Sounds to me like you have a freshwater set-up. Also a 5-6 wt wont cast most of those flies well or be very effective in saltwater. I would say you need an 8wt set-up. I agree with the "headstart" line suggestion. Hope you like the flies. BTW I never recieved anything in the mail from you. Not that it matters. Just the principal I guess.


----------



## skinny_water (Jun 11, 2008)

A sight that helped me alot with my casting is sexyloops.com

If you are having an issue, like loop colapse or something like that they tell you what you are doing, and how to fix it.

Get a new line. The headstart line is nice, and if you have an old line it might not float anymore or be really stiff.


----------



## HaMm3r (Dec 11, 2006)

> I got lucky and got this from Aaron.


There's some good stuff in that box! Take that 5wt rod and some of those white or yellow foam poppers and get after the bass. They'll eat those up! 

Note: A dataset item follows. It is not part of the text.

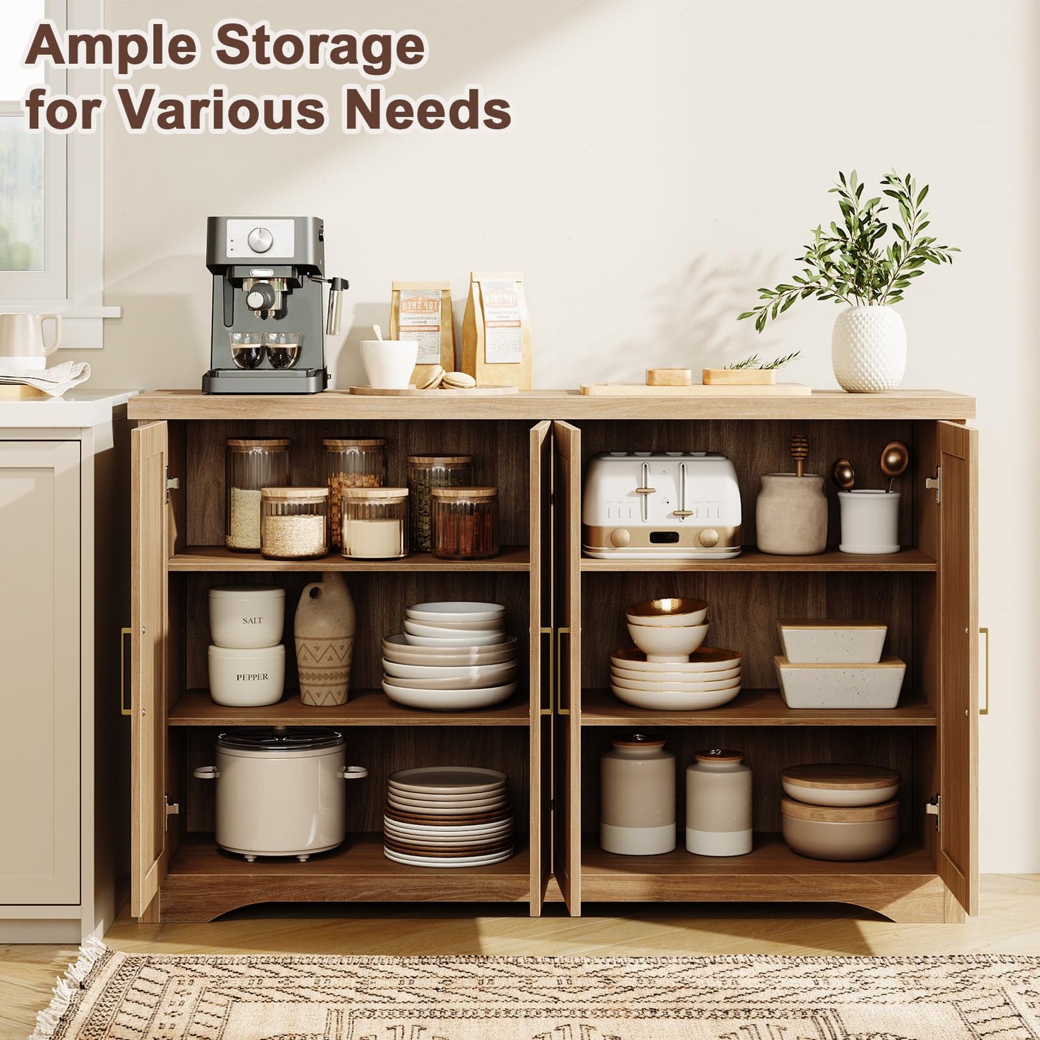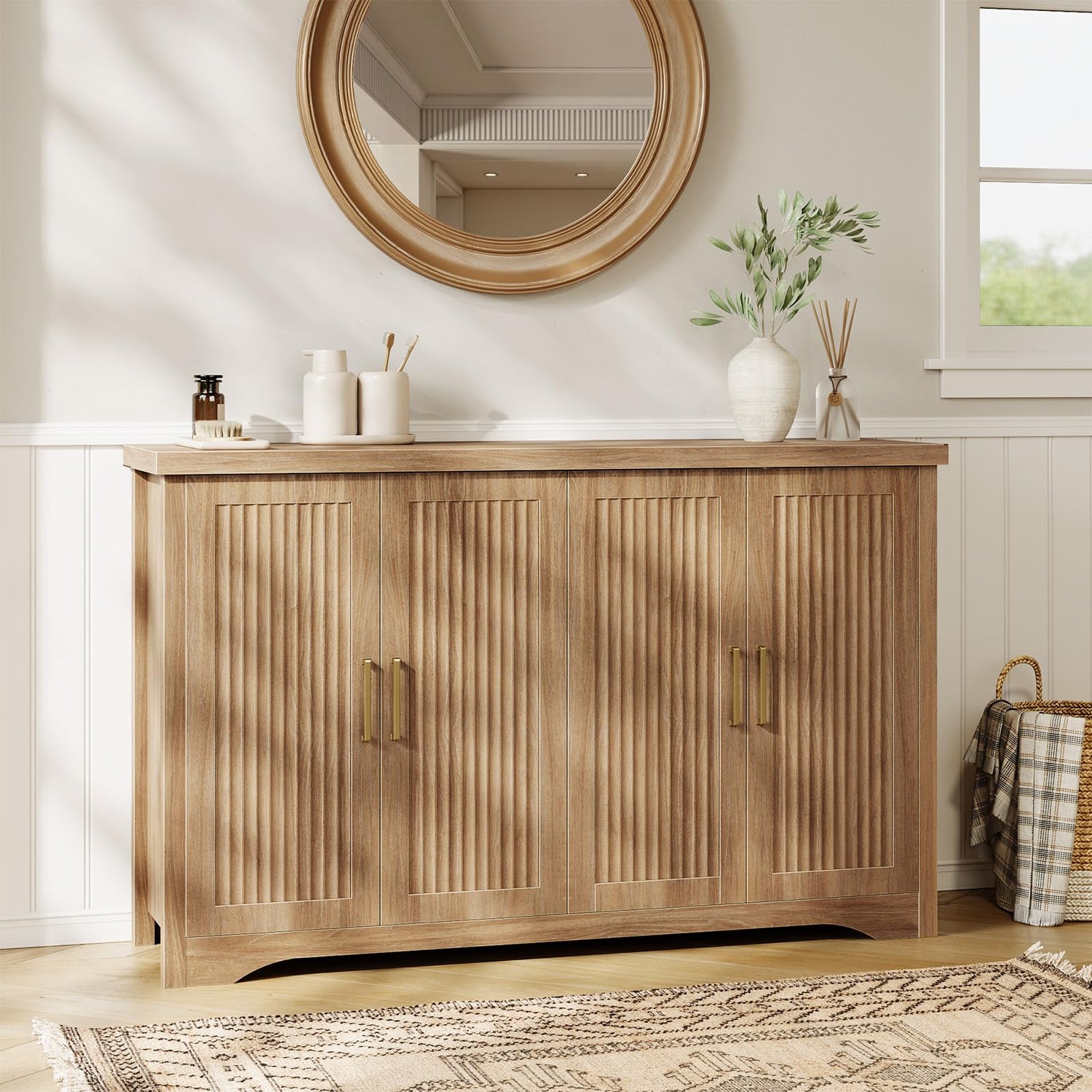 Memobarco Fluted Buffet Cabinet with Storage Accent Sideboard,Modern Credenza with 4 Doors & Adjustable Shelves,Wood Coffee Bar Table Console for Dining Room Kitchen Living Room Entryway,Natural Oak

Oh, and the simple answer to your question is that you need to make or buy a leader to tie onto the fly line. There are some leader recipes out there, if you search for them. I'd make a suggestion, but I'm not that good...  ;D


----------



## paint it black (Nov 3, 2007)

> Sounds to me like you have a freshwater set-up. Also a 5-6 wt wont cast most of those flies well or be very effective in saltwater. I would say you need an 8wt set-up. I agree with the "headstart" line suggestion. Hope you like the flies. BTW I never recieved anything in the mail from you. Not that it matters. Just the principal I guess.

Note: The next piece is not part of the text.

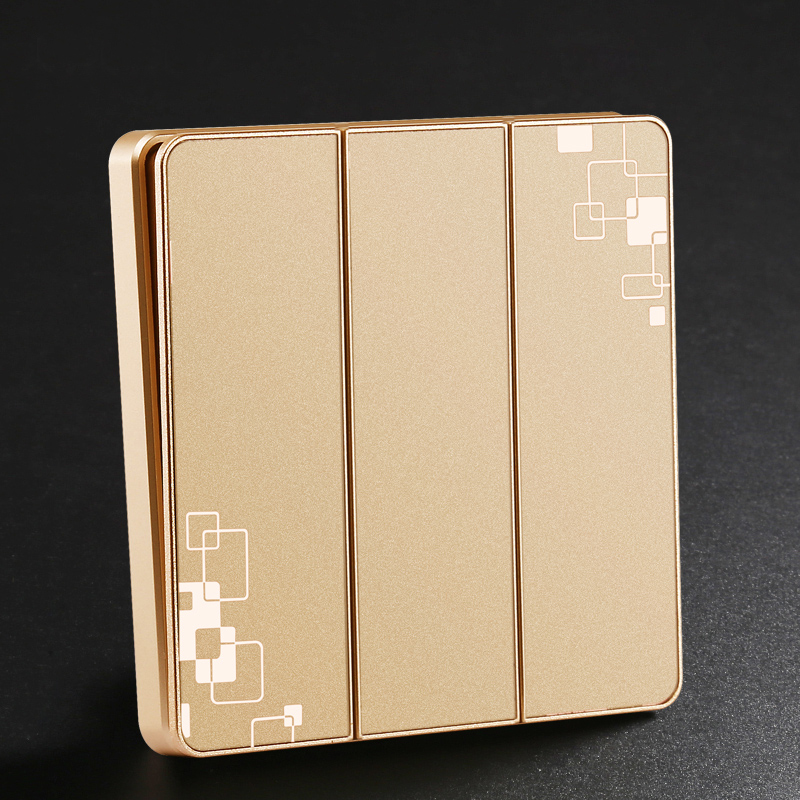 Wall 86 three - open switch socket panel Champagne gold switch socket panel M3 three - open monolithic control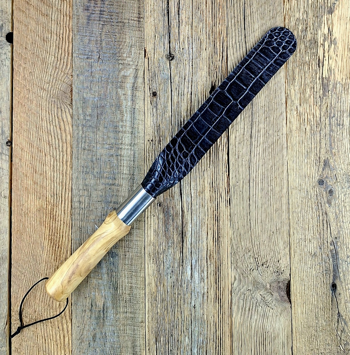 Fiese Drachenzunge aus ca. 4 mm starkem schwarzem Rind-Gürtelleder. Das Griffstück besteht aus edlem Black Palmira Holz (auch Palmenholz genannt) Perlholz mit Edelstahlhülse, konische Griffform. Durchmesser ca. 30-34 mm, Länge mit Hülse ca. 19 cm. Das dicke Leder wirkt sehr bissig.

I know it's late, but I dropped it off this afternoon. I haven't had a chance till now, I know it's late but better late than never.


----------



## paint it black (Nov 3, 2007)

I'm going to have to go out and get some line then to tie up the leader. I have 3 cars that I have to paint over the weekend, so I'll probably get out and give it a try sometime next week.


----------



## HialeahAngler (Dec 18, 2008)

You're more than likely going to need new line. Go to BPS or a fly shop and they will spool it for you with the backing and fly line. Then ask them to show you how to make the knots needed to attach line to leader, etc. 5-6 weight is very light. pretty good for peacocks and freshwater but you can only toss small flies with that. I will meet you in the neighborhood one day and you can cast mine to see the difference.


----------



## paint it black (Nov 3, 2007)

> You're more than likely going to need new line. Go to BPS or a fly shop and they will spool it for you with the backing and fly line. Then ask them to show you how to make the knots needed to attach line to leader, etc. 5-6 weight is very light. pretty good for peacocks and freshwater but you can only toss small flies with that. I will meet you in the neighborhood one day and you can cast mine to see the difference.

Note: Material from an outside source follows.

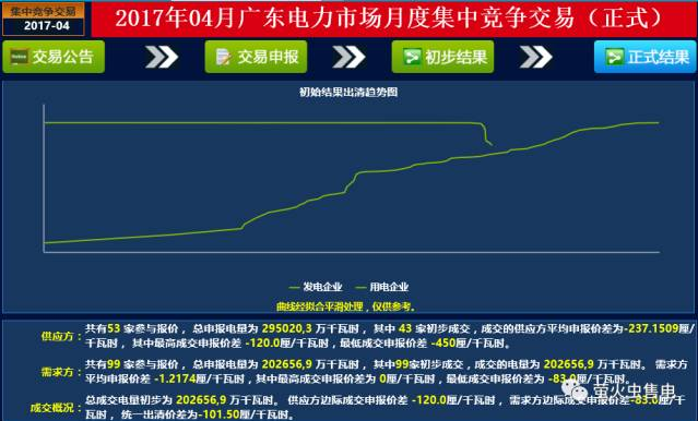 共有53 家參與報(bào)價(jià), 總申報(bào)電量為 295020,3 萬(wàn)千瓦時(shí), 其中 43 家初步成交,成交的供應(yīng)方平均申報(bào)價(jià)差為-237.1509厘/千瓦時(shí), 其中最高成交申報(bào)價(jià)差 -120.0厘/千瓦時(shí),最低成交申報(bào)價(jià)差 -450厘/千瓦時(shí)。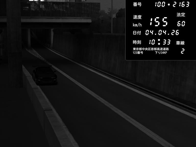 | 2026/04/03 22:29 | C1内回り 京橋 | 190 / 60 km/h | Charlie2 | Honda S2000 (AP2 - Legendary) | CAPTURE |

You finally made it over here eh?

Let me know whenever and I'm there. 

I'm actually headed to BPS now. I jokingly told my girl I wanted an 8 wt fly rod and she said ok, if it's not too much. But last time I went there, they were like $300, so who knows. lol


----------



## HialeahAngler (Dec 18, 2008)

I got one with reel and all for $89, used it to learn, and then upgraded the reel. you don't have to spend the $300 for all the hippity hooplah!


----------



## paint it black (Nov 3, 2007)

> I got one with reel and all for $89, used it to learn, and then upgraded the reel. you don't have to spend the $300 for all the hippity hooplah!



I'm going to check them out when I go to BPS in a minute. Waiting for my girl to shower and what not. I'm heading to the one at Dolphin Mall. 

I know a canal that seems to be loaded with small tarpon (I see them rowing everywhere, and this guy landed one there about a month ago). I had one on the other day on a fluke and I lost it for a bad hook set. I'd love to try that canal with fly. They're small tarpon. They must be a blast on fly.


----------



## HialeahAngler (Dec 18, 2008)

I've caught small tarpon on fly. They're are lots of fun. Actually caught some in Hialeah. ;D


----------



## aaronshore (Aug 24, 2007)

If you have a Gander Mountain down there check them out. The one up here was having some blowout sales and I picked up an 8wt 4 piece rod for $40, also a SA Mastery Series Saltwater taper 7wt flyline for $20.


----------



## paint it black (Nov 3, 2007)

> If you have a Gander Mountain down there check them out. The one up here was having some blowout sales and I picked up an 8wt 4 piece rod for $40, also a SA Mastery Series Saltwater taper 7wt flyline for $20.


The nearest Gander MT is in West Palm Beach, and I don't know if it's even open yet. I guess I'll ask a friend that lives up there and check it out. I went to bass pro and they had a bunch of different rods for $84.99.

I'll probably go get one tomorrow night.


----------



## aaronshore (Aug 24, 2007)

I'm sure its open. On Northlake Blvd.?


----------



## paint it black (Nov 3, 2007)

So I took my rod out today for the first try, and after a few messed up cast's I finally got a decent one. The line took off and I tried fighting it for a while. It was taking drag and then out of no where I heard *SNAP* and the leader popped as well as the rod. So now I have no rods. lol

What would be recommended? 8wt, or 9wt? I would like to use for freshwater tarpon, snook, and salt water.


----------



## aaronshore (Aug 24, 2007)

Go with the 9. Especially with some of those tarpon you might need the extra backbone.


----------